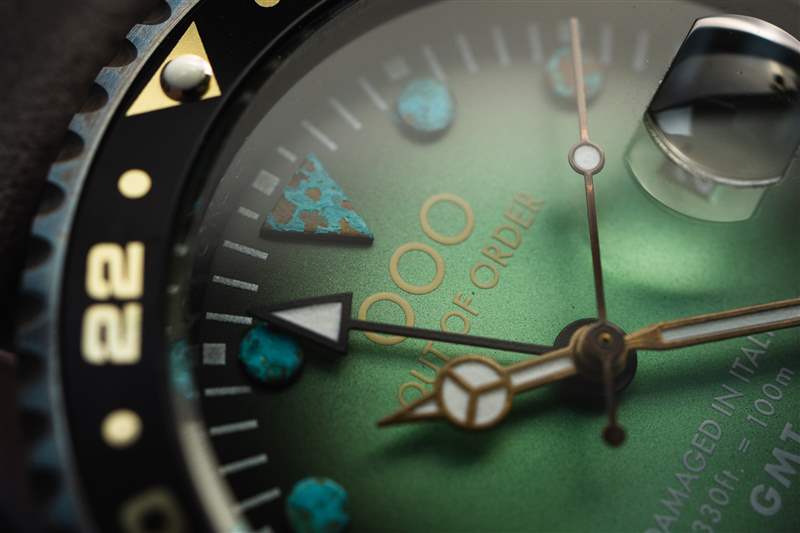Out of Order Oxidized Green GMT New York 從自由女神像的氧化銅中汲取靈感——可以在底蓋上找到——帶有充滿(mǎn)活力的祖母綠表盤(pán),在深黑色的環(huán)繞中漸暈。帶紋理的綠色銅銹在所應(yīng)用的時(shí)標(biāo)上完美呈現(xiàn),層層疊疊的銅綠色讓位于下方銅的光澤。這些相同的時(shí)標(biāo)也出現(xiàn)在 Very Blu GMT New York 上,雖然它們與這個(gè)版本的藍(lán)色主題不太相配,但白色的夜光周?chē)兄谔岣咭鬃x性。
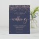 Moderne Rose Goldfolie Konfetti und marineblaue Hochzeitsschrift
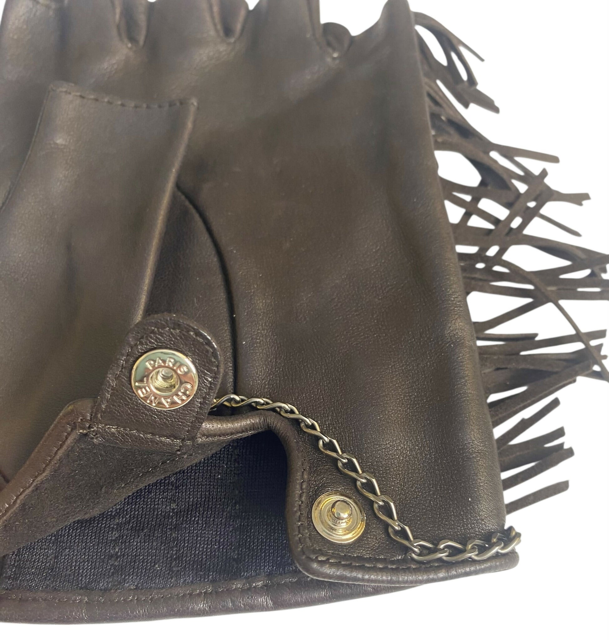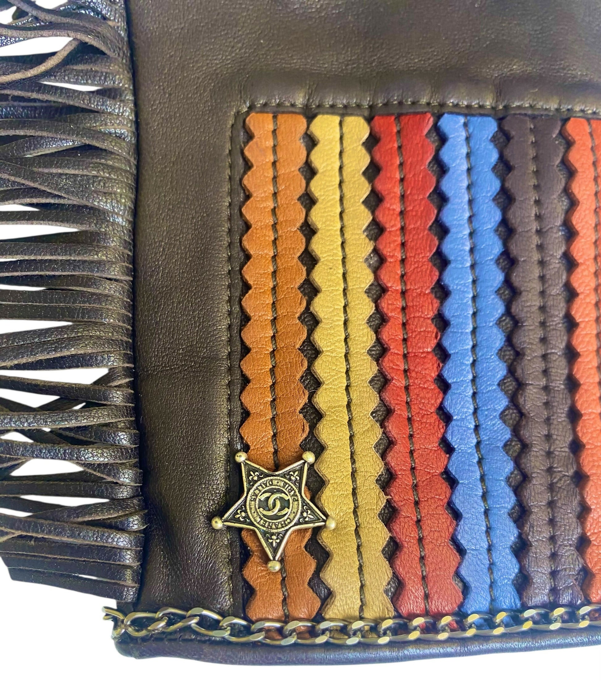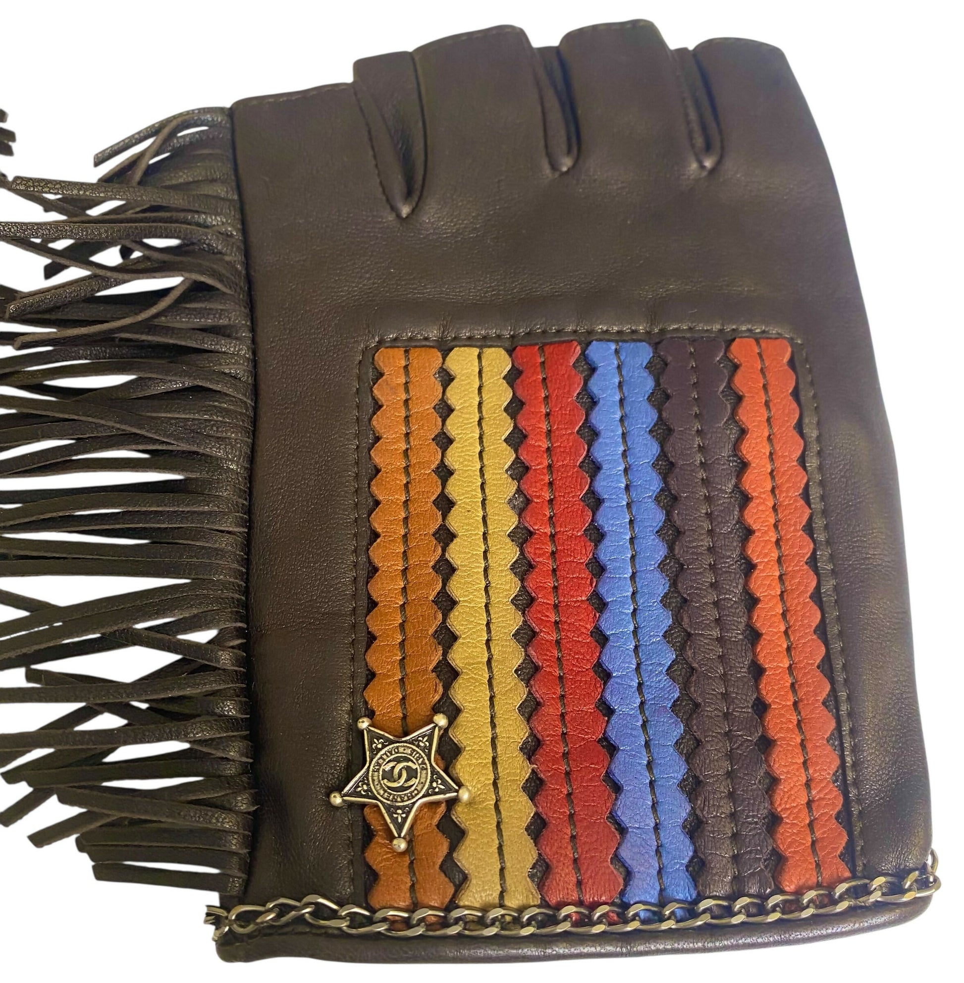 This is a pair of Chanel fingerless gloves in soft brown Lambskin leather feature colorful stripes, fringe, silver chain detail around the wrist with CC Snap Closures, and a metal star with Chanel Paris-Dallas CC.
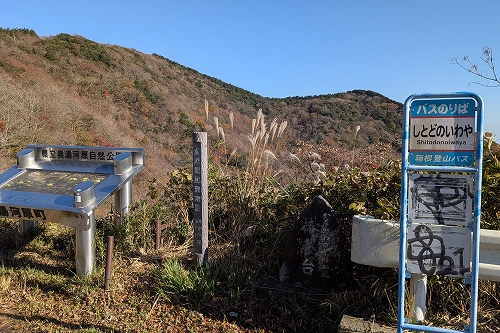 幕山公園バス停(9:15)→(9:18)幕山登山口(9:30)→(10:35)幕山(10:45)→(10:57)大石ケ原分岐 →(11:31)大石ケ原(11:35)→(11:55)一ノ瀬 →(12:42)ししどの窟(12:52)→(13:08)椿台(13:10)→(13:37)城山(14:15)→(15:18)湯河原駅
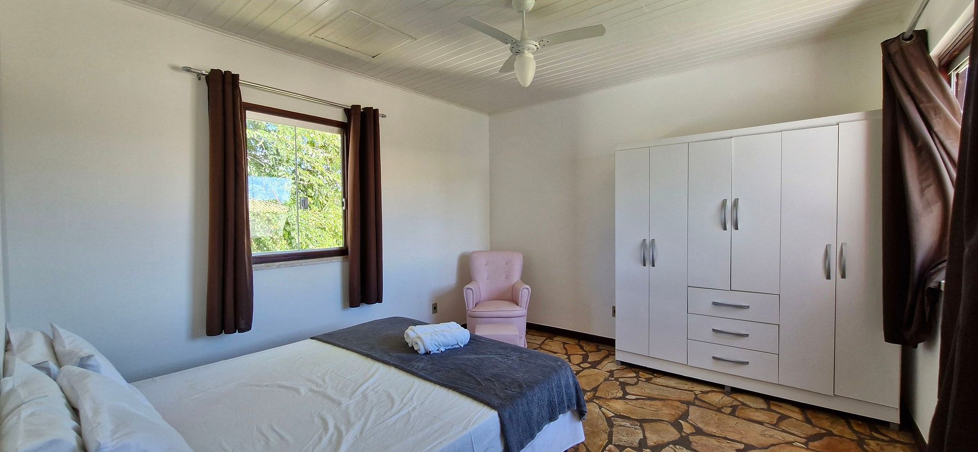 - LIVING ROOM with closet, pouf, makeup table, thin curtain. SUITE with double bed, bedside table with lamp and split air conditioning. BATHROOM with toilet, sink, mirror, shower enclosure and electric shower.
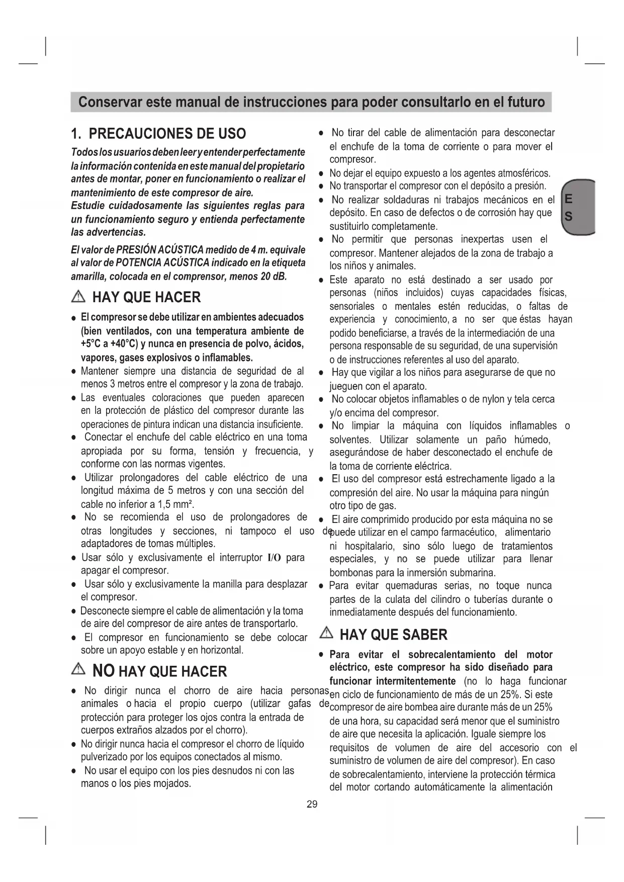 Todos los usuarios deben leer y entender perfectamente la información contenida en este manual del propietario antes de montar, poner en funcionamiento o realizar el mantenimiento de este compresor de aire. Estudie cuidadosamente las siguientes reglas para un funcionamiento seguro y entienda perfectamente las advertencias. El valor de PRESIÓN ACÚSTICA medido de 4 m. equivale al valor de POTENCIA ACÚSTICA indicado en la etiqueta amarilla, colocada en el comprensor, menos 20 dB.
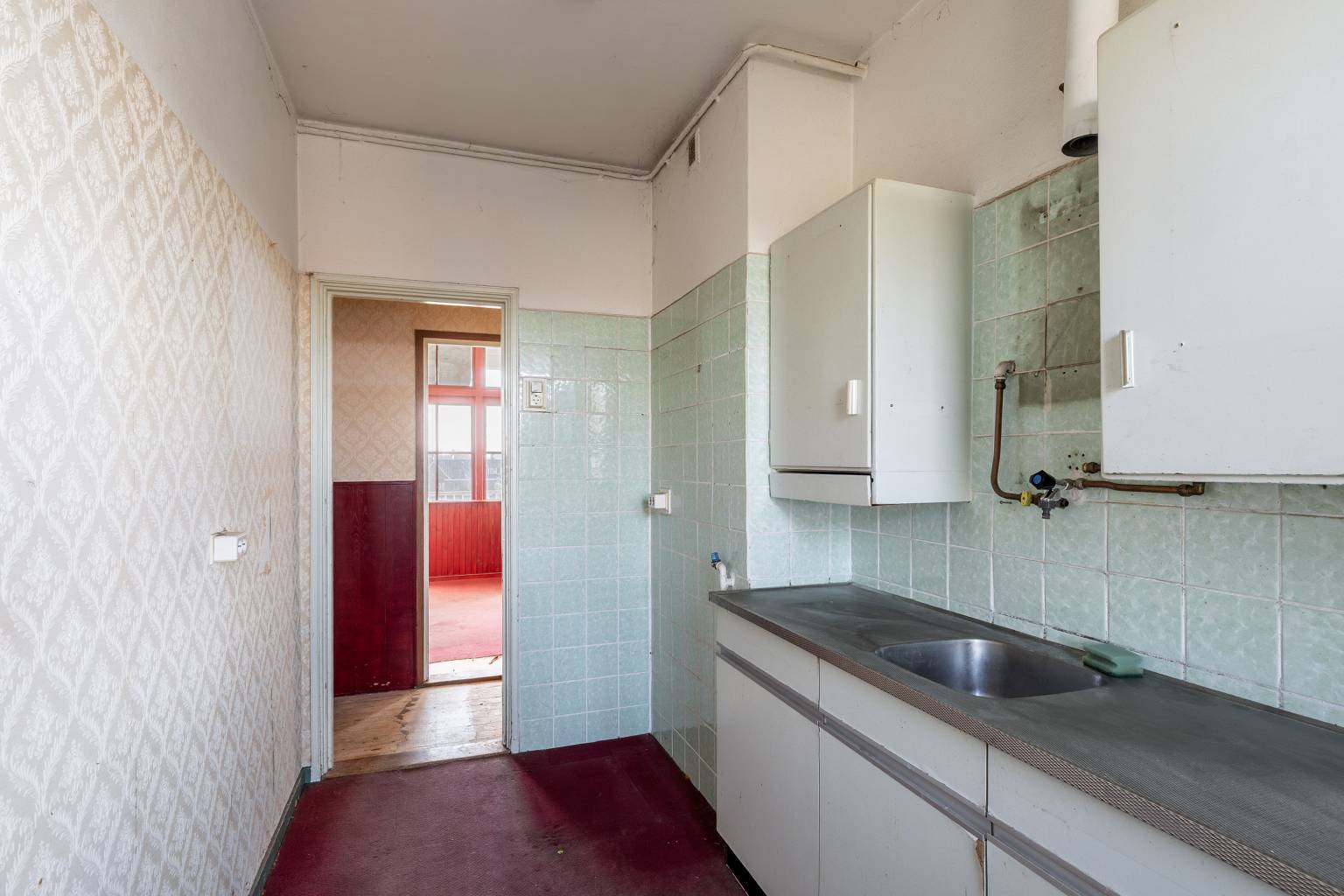 De keuken is voorzien van een recht keukenblok met bovenkasten. Sommige wanden zijn hier halfhoog betegeld en sommige wanden zijn voorzien van behang. Op de vloer ligt vloerbedekking en vanuit de keuken is er toegang tot de badkamer.
________
Reproduce the whole listing above character for character; pictures do not belong in it.

RESPONSE TO THE EXERCISE.
Out of Order Oxidized Green GMT New York 從自由女神像的氧化銅中汲取靈感——可以在底蓋上找到——帶有充滿(mǎn)活力的祖母綠表盤(pán),在深黑色的環(huán)繞中漸暈。帶紋理的綠色銅銹在所應(yīng)用的時(shí)標(biāo)上完美呈現(xiàn),層層疊疊的銅綠色讓位于下方銅的光澤。這些相同的時(shí)標(biāo)也出現(xiàn)在 Very Blu GMT New York 上,雖然它們與這個(gè)版本的藍(lán)色主題不太相配,但白色的夜光周?chē)兄谔岣咭鬃x性。
 Moderne Rose Goldfolie Konfetti und marineblaue Hochzeitsschrift
 This is a pair of Chanel fingerless gloves in soft brown Lambskin leather feature colorful stripes, fringe, silver chain detail around the wrist with CC Snap Closures, and a metal star with Chanel Paris-Dallas CC.
 幕山公園バス停(9:15)→(9:18)幕山登山口(9:30)→(10:35)幕山(10:45)→(10:57)大石ケ原分岐 →(11:31)大石ケ原(11:35)→(11:55)一ノ瀬 →(12:42)ししどの窟(12:52)→(13:08)椿台(13:10)→(13:37)城山(14:15)→(15:18)湯河原駅
 - LIVING ROOM with closet, pouf, makeup table, thin curtain. SUITE with double bed, bedside table with lamp and split air conditioning. BATHROOM with toilet, sink, mirror, shower enclosure and electric shower.
 Todos los usuarios deben leer y entender perfectamente la información contenida en este manual del propietario antes de montar, poner en funcionamiento o realizar el mantenimiento de este compresor de aire. Estudie cuidadosamente las siguientes reglas para un funcionamiento seguro y entienda perfectamente las advertencias. El valor de PRESIÓN ACÚSTICA medido de 4 m. equivale al valor de POTENCIA ACÚSTICA indicado en la etiqueta amarilla, colocada en el comprensor, menos 20 dB.
 De keuken is voorzien van een recht keukenblok met bovenkasten. Sommige wanden zijn hier halfhoog betegeld en sommige wanden zijn voorzien van behang. Op de vloer ligt vloerbedekking en vanuit de keuken is er toegang tot de badkamer.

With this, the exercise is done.